• **WORK TASK**:
Unless a line falls after the one with "Elite By Corkys", retype it exactly from the records below; leave out all pictures.

=== Begin Enclosure ===

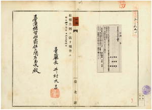 一二 第五四号 明治四三年七月台北庁訓令第三三号支庁長委任事項中基隆支庁委任事項追加ノ件(1910-12-27~1911-01-16);台北庁・宜蘭庁・桃園庁ノ訓令供閲ノ件(1911-01-09~1911-01-16)
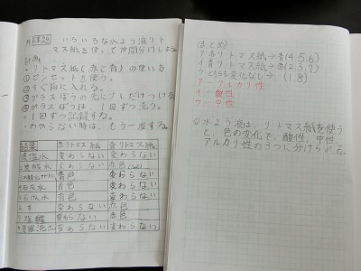 どの班も、実験は成功し、ノートもとてもきれいに書けていました。
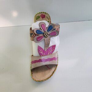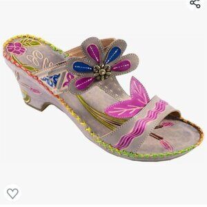 Elite By Corkys NIB Pacific Gray Leather Slip On Mules Sandals Size 11. Stunning Floral Leather Dressing, 2.5" Clog Heel, Bohemian, Coastal, Art To Wear
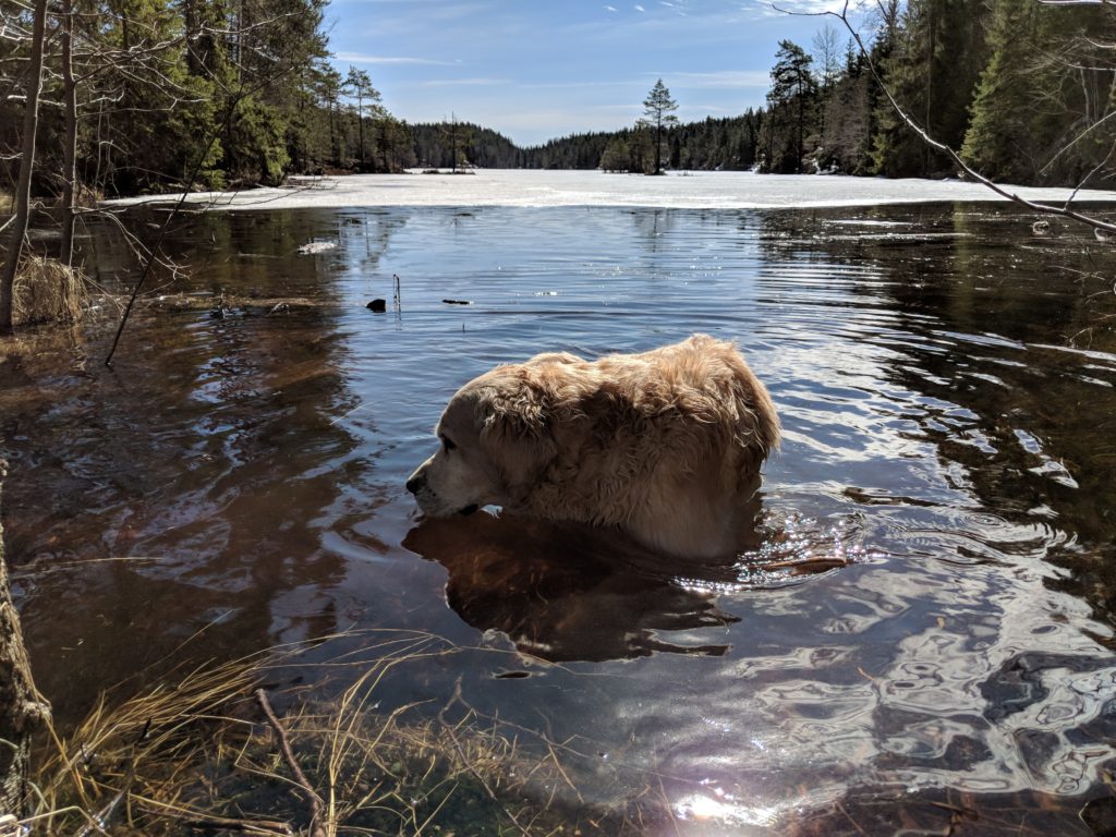 Vi satt og koste oss, drakk kaffe og spiste opp resten av fyrstekaka. Siden jeg har en i overkant aktiv jentunge på seks måneder hjemme får jeg litt dårlig samvittighet av å stikke av hver helg, så jeg ville gjerne hjemover til Sunniva og Oda.Rutinert som han er var Jan-Erik allerede ferdig pakket. Jeg tok meg god tid, og vi tuslet avgårde i tolvtiden. Hugo fikk seg et par dukkerter på vei hjem og det var generelt bare deilig å være ute i skogen. Jeg vil ikke offisielt påstå at tørrfluesesongen har startet, men det er ihvertfall ikke lenge til…
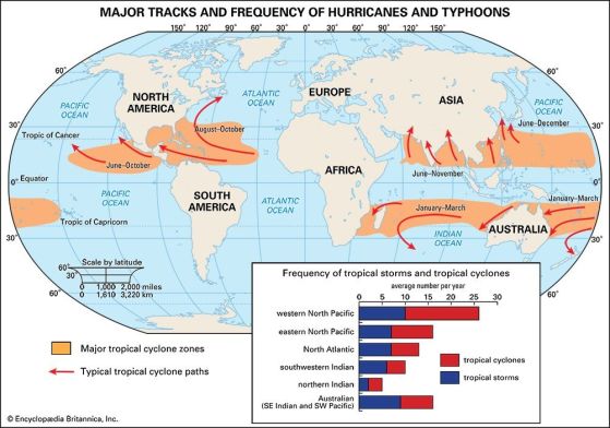 Фигура 1. Основни области в света на преминаване на тропически циклони с обозначен времеви период на най-голяма честота (т.нар. сезон на циклоните). Източник
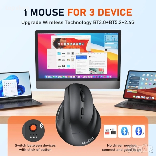 【Ергономична вертикална мишка】 Ергономичната вертикална мишка btm010 е щателно изработена с уникална вертикална форма, която намалява напрежението в китката и предмишницата, осигурявайки удобен и естествен захват. Тя насърчава по-ергономична стойка, облекчава дискомфорта и подобрява цялостния комфорт.
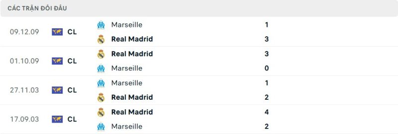 Thống kê phong độ gần đây Real Madrid vs Marseille
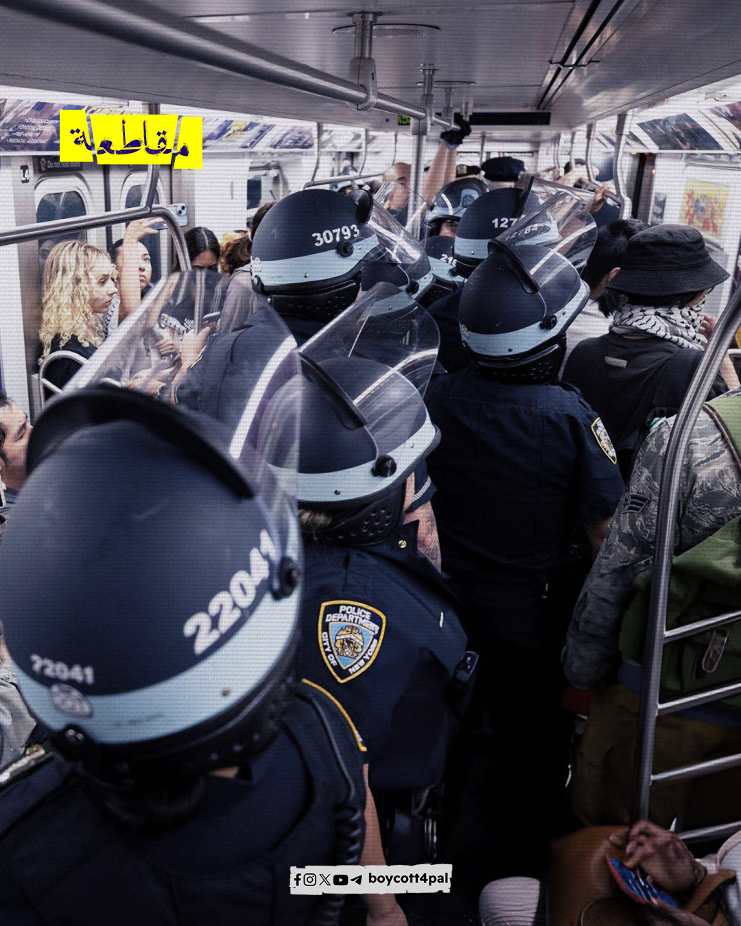 احتشد مؤيدون لفلسطين داخل محطة مترو الأنفاق "يونيون سكوير" في ولاية نيويورك الأمريكية، للتظاهر ضد الحرب المستمرة في قطاع غزة والتعبير عن التضامن مع الفلسطينيين، وهتف المتظاهرون "غزة.. غزة" وتلثموا بالكوفية الفلسطينية وأشعلوا الإنارة بألوان العلم الفلسطيني، وتدخلت الشرطة فيما بعد لفض الحشد.

=== End Enclosure ===

• **WRITTEN ANSWER**:
 一二 第五四号 明治四三年七月台北庁訓令第三三号支庁長委任事項中基隆支庁委任事項追加ノ件(1910-12-27~1911-01-16);台北庁・宜蘭庁・桃園庁ノ訓令供閲ノ件(1911-01-09~1911-01-16)
 どの班も、実験は成功し、ノートもとてもきれいに書けていました。
 Elite By Corkys NIB Pacific Gray Leather Slip On Mules Sandals Size 11. Stunning Floral Leather Dressing, 2.5" Clog Heel, Bohemian, Coastal, Art To Wear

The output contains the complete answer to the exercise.